I have noticed that Safari (mobile) 1 converts 7 digits numbers into anchor with tel attribute. To stop this behavior of Safari, <meta name="format-detection" content="telephone=no" /> tag should be added.

To produce this issue, from your iDevice, check any question with views over one million e.g. link.

converted into "tel"

page's source

1 iPad 2 (iOS 8.0.2)

  • 14
    My reaction? Meh, not really a problem. Oct 5, 2014 at 12:46
  • 15
    @MartijnPieters it's not significant but it breaks the design.
    – Omar
    Oct 5, 2014 at 14:37
  • 36
    @MartijnPieters how is it not a problem? Just because it's not a big issue doesn't mean it shouldn't be fixed. It's clearly not how it's supposed to look.
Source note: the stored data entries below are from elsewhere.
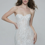 Zarif çiçekli dantel kumaşın transparan bir alt yapı üzerinde işlendiği bu modern mini gelinlik, yapısal korse gövdesiyle vücudu şekillendirir. Straplez siluet dekolteyi ön plana çıkarırken, dantel detaylı kenar bitişi feminen bir şıklık sunar. Nikâh töreni, after party veya özel kutlamalar için mükemmel bir seçimdir.
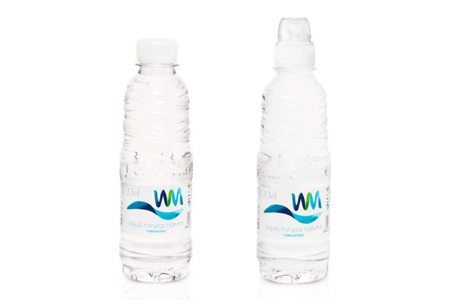 Diseño de etiquetado y envasado para los distintos formatos y botellas del agua mineral WM, producida por Fusion Weymax para su distribución en el extranjero.
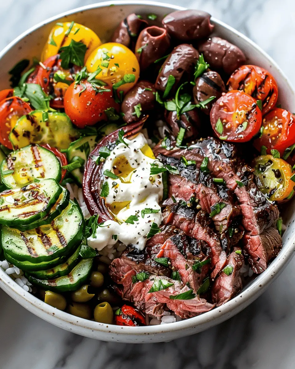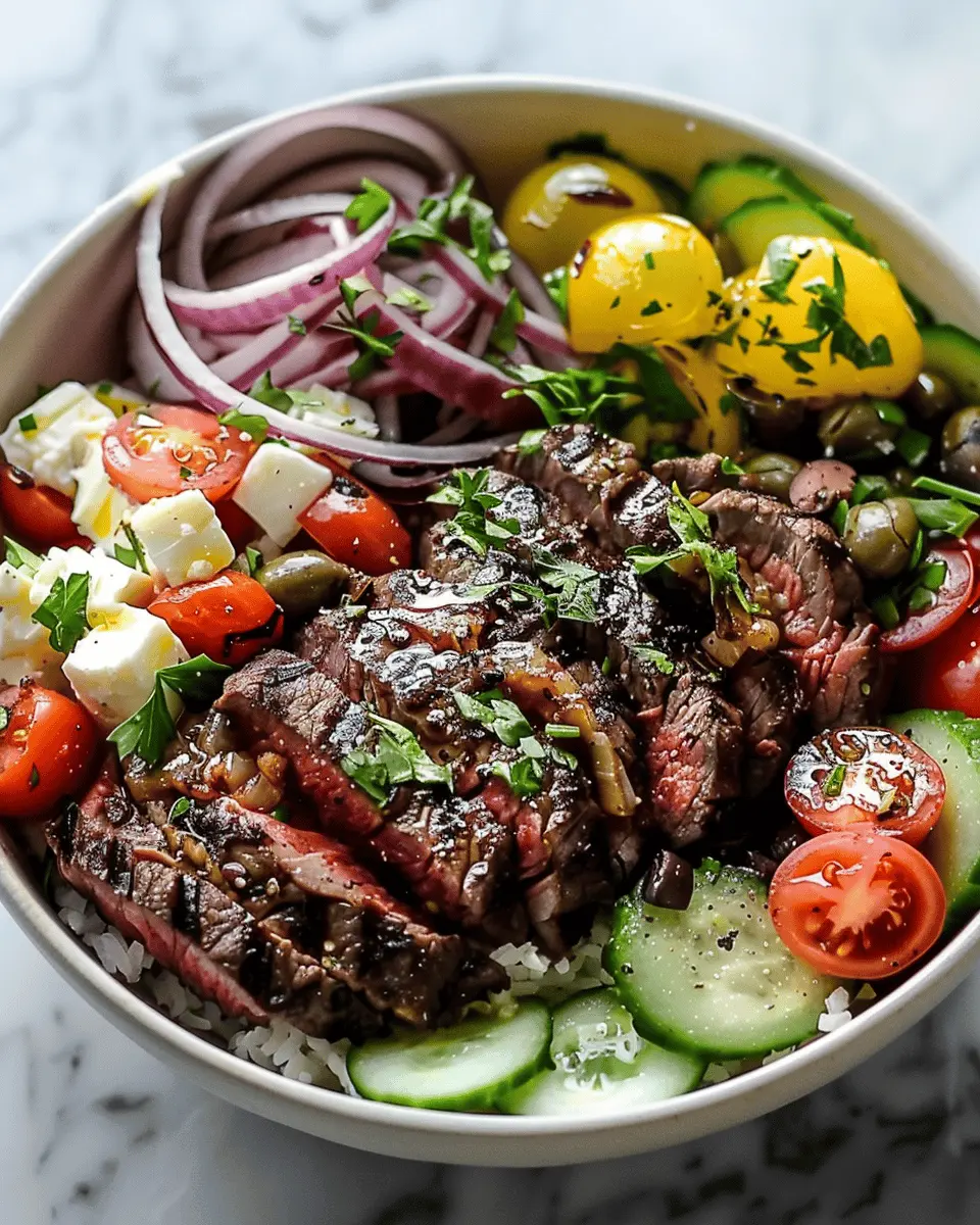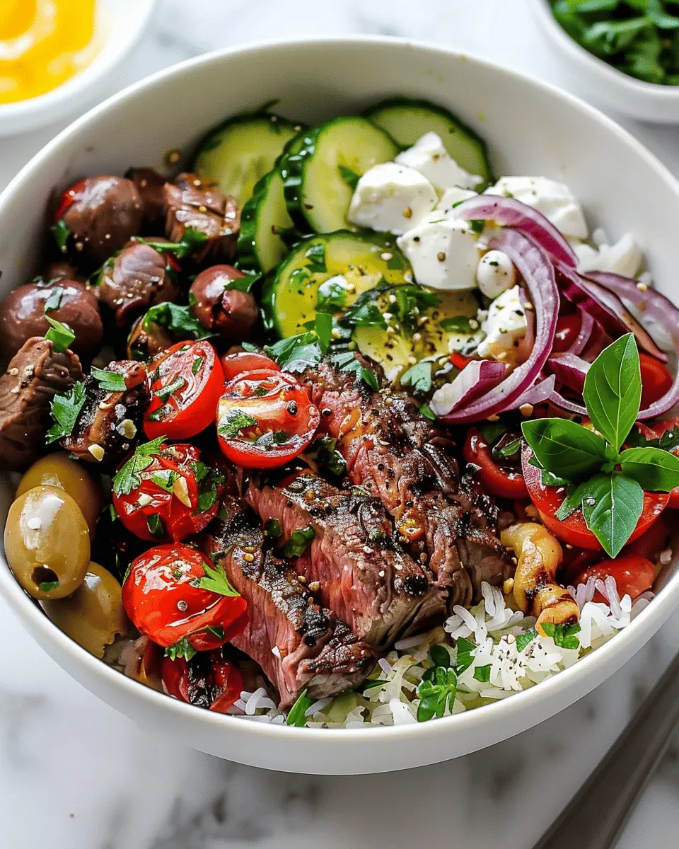 PrintQuick Easy Mediterranean Steak Bowl: A Juicy Twist on Flavorful Eating

Oct 5, 2014 at 17:18
  • 24
    I suggest that it would be bad design to have SO emit special code to cover overzealous behavior by one browser. What should a news site do if it reports "Apple to hire 1534911 employees to implement hidden six-finger touch command". There was a time when it made sense to code exceptions for IE6 because of its dominance. If a modern browser renders a page incorrectly, take it up the the browser vendor. (And, no, I didn't recently blow a bunch of time helping a friend turn off "The annoying assistive technologies thing that hovers over the everything else". Ok, I did.)
    – msw
    Oct 5, 2014 at 17:19
  • 8
    Reproduced in IE11, too. I see it as a Skype link in the Metro app. The Skype extension for IE also recognizes it in desktop mode.
    – damryfbfnetsi
    Oct 5, 2014 at 20:06
  • 6
    @msw Looks like IE supports that meta tag too so not just one browser. Oct 5, 2014 at 21:58
  • 1
    Testing: 911 a 123 a 1234 a 12345 a 1234567 a 12345678 a 123456789 a 1234567890
    – bjb568
    Oct 6, 2014 at 3:46
  • 9
    Reach out to Apple? It does the same in iBooks, and is fantastically annoying.
    – Jongware
    Oct 6, 2014 at 6:43
  • 3
    I guess this should be migrated to Meta SE as it "will" affect all SE sites.
    – Omar
    Oct 6, 2014 at 10:19
  • 1
    @msw A news site should report "Apple to hire over 1.5 million employees" instead of mentioning that entire number as if those 35,000 "over" people are relevant to the general public. General news rules: if a number is bigger than 200 or so, round it, because the audience can't really imagine something when they hear 1534911, while they can if they hear 1.5 million. Totally off-topic, I know, but thought I'd mention it.
    – Nzall
    Oct 8, 2014 at 11:52

1 Answer 1


Additionally/alternatively, numbers like this with four or more digits could have commas separators added to prevent them from being detected as telephone numbers (1,534,911 instead of 1534911) . This change would be consistent in style with other parts of the site, such as the questions counter pictured below.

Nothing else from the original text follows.